17.03.2005

Good-bye Deutschland

Nach einer Studie für das manager magazin sieht mehr als die Hälfte der jungen Hochschul-Elite in Deutschland keine berufliche Zukunft.


 

Nach einer Studie für das manager magazin sieht mehr als die Hälfte der jungen Hochschul-Elite in Deutschland keine berufliche Zukunft.
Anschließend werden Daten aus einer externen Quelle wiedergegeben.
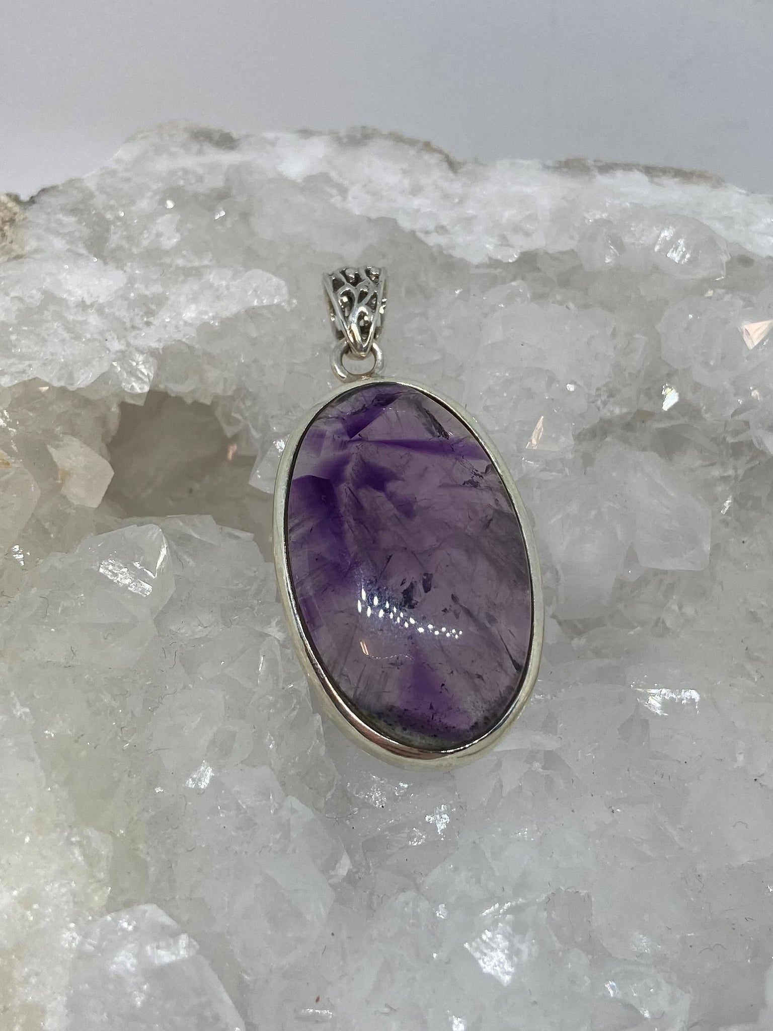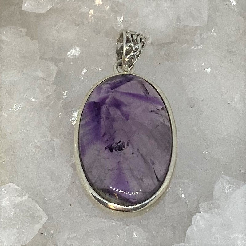 Silver pendant and bail inlaid with an oval-shaped Labradorite stone
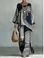 Per donna Set di Pantaloni Bolero Manica 3/4 Girocollo Ombre Grafico Stampato Moda Streetwear Casuale Quotidiano All'aperto Marrone Primavera & Estate Vestibilità comoda
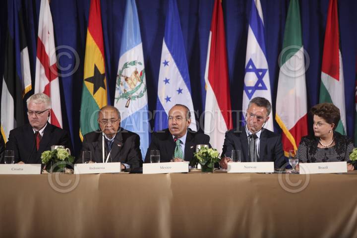 NUEVA YORK, ESTADOS UNIDOS, 20SEPTIEMBRE2011.- Felipe Calderón presidente de México, durante el dialogo de líderes de cambio climático en la sesión inaugural de la Clinton Glonal Initiative 2001. FOTO: ALFREDO GUERRERO/CUARTOSCURO.COM

Berlin (dpa) - Deutschlands künftige Akademiker könnten der Traum einer jeden Personalabteilung sein: Sie sind pragmatisch, realistisch, leistungsbereit und verantwortungsbewusst. Die Sache hat nur einen Haken: Mehr als die Hälfte der jungen Hochschul-Elite sieht in Deutschland keine berufliche Zukunft. Nach einer Studie für das «manager magazin» würden 56 Prozent der Studenten, die heute kurz vor ihrem Abschluss stehen, für einen sicheren Arbeitsplatz ins Ausland gehen. «Generation Good-bye» hat die Zeitschrift die heutigen 20- bis 29-Jährigen deshalb getauft.
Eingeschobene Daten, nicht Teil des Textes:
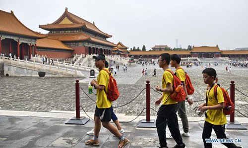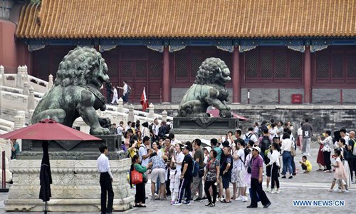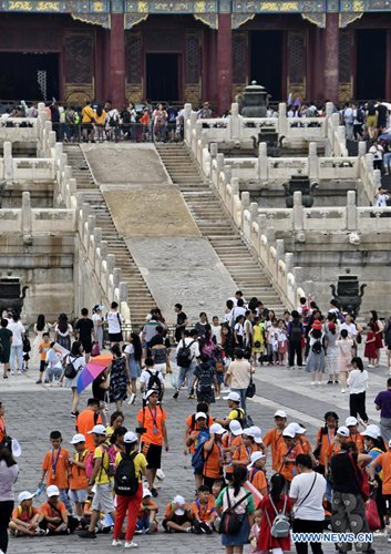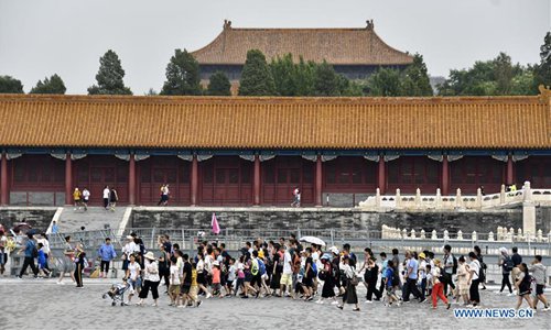 Tourists visit the Palace Museum in Beijing, capital of China, Aug. 3, 2019. The Palace Museum has taken measures to improve visitor experience during the peak season in summer. These include setting a limit to the number of visitors per day, diverting visitor flows, securing water supply, and providing medical services. (Xinhua/Li Xin)
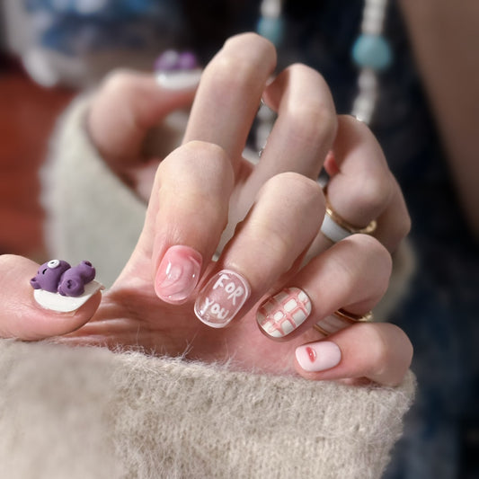 3 Shape Cartoon Dopamine Cute Girl Press On Nails | Kawaii Melody Handmade Nails | Four Types of Nail Shapes|Free Tool Kit Set Included

Die neuen Jung-Akademiker ticken laut der Studie anders als die Hochschul-Absolventen der 80er und 90er Jahre. Konsum und Genuss sind out. Mit Wünschen nach sicheren Jobs und Familie geben sich die heutigen Mittzwanziger eher wertkonservativ. Ein Grund mag sein, dass sie in einer wirtschaftlichen Krisenstimmung erwachsen wurden. Viele haben den Taumel der New Economy beobachtet. Oder sie sahen die vielen coolen und hippen Kreativen, die beispielsweise mit hochfliegenden Business-Plänen für neue Internet-Portale kläglich an den Realitäten des Marktes scheiterten.

Ernüchtert sei diese «Generation 05», heißt es in der Auswertung der Umfrage, die am Mittwoch in Berlin präsentiert wurde. Arbeitslosigkeit, Bildungsmisere und sogar die drohende Überalterung Deutschlands stehen bei ihren Zukunftssorgen ganz oben. Auf den hinteren Plätzen rangieren dagegen das Bangen um die Umwelt oder Angst vor Kriegen. «In erster Linie geht es dieser Generation um das Managen des eigenen Lebens», resümiert Henrik Müller vom «manager magazin».
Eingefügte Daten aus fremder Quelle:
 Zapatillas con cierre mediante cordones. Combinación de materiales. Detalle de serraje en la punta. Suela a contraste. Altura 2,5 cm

Der Präsident des Hamburger Weltwirtschaftsarchivs (HWWA), Thomas Straubhaar, fühlt sich bei der Analyse der Studie, die in Zusammenarbeit mit der Unternehmensberatung McKinsey erstellt wurde, gar an die DDR erinnert. «Da ist eine junge Generation, die abhaut», sagt er. «Diejenigen, die bleiben, werden auf Dauer nicht die Lasten des Systems tragen können.» Dass mehr als die Hälfte der künftigen Akademiker Deutschland den Rücken kehren würde, wertet er als Alarmsignal. Doch wenn die «Generation Good-bye» ihre besten Chancen in China oder Japan sieht, hält Straubhaar dagegen: «Da ist closed shop für die meisten Europäer.» Es sei auch naiv, in den USA auf die große Zukunft zu hoffen. «Die Konkurrenz ist riesig.»

Das Bleiben in Deutschland sei für viele junge Deutsche effizienter, betont Straubhaar. Dafür sei ein Pakt zwischen Jung und Alt, eine Entlastung von Renten- oder Pflegeversicherung, dringend geboten. Die Studie sei ein Warnsignal an die ältere Generation in Deutschland, aber kein Grund für Torschlusspanik.

Um das große Geld oder eine schnelle Karriere geht es den 1072 Studenten, die vom Institut für Markt-, Politik- und Sozialforschung PSEPHOS für die Studie befragt wurden, nicht mehr. Es mag an positiven Vorbildern fehlen. An den heutigen Managern in Deutschland lassen die Studenten zumindest kaum ein gutes Haar: Sie seien egoistisch, überbezahlt, unqualifiziert, moralisch wenig integer und hingen veralteten Führungsstilen an, heißt es.

Große Visionen für ihr eigenes Leben haben die Jung-Akademiker aber auch nicht. Es soll wohl eher ruhig sein und sicher. Dafür sind viele bereit, etwas zu geben. Die Mehrheit würde - wenn es sein muss - mehr als 40 Stunden in der Woche arbeiten; jeder fünfte geht davon aus, erst mit 70 Jahren in Rente gehen zu können. Rund die Hälfte würde auch in die Selbstständigkeit starten. Damit hat sich die junge Elite von vielen Idealen ihrer Elterngeneration verabschiedet. «Mit diesem Potenzial lässt sich in Deutschland etwas bewegen», glaubt HWWA- Präsident Straubhaar.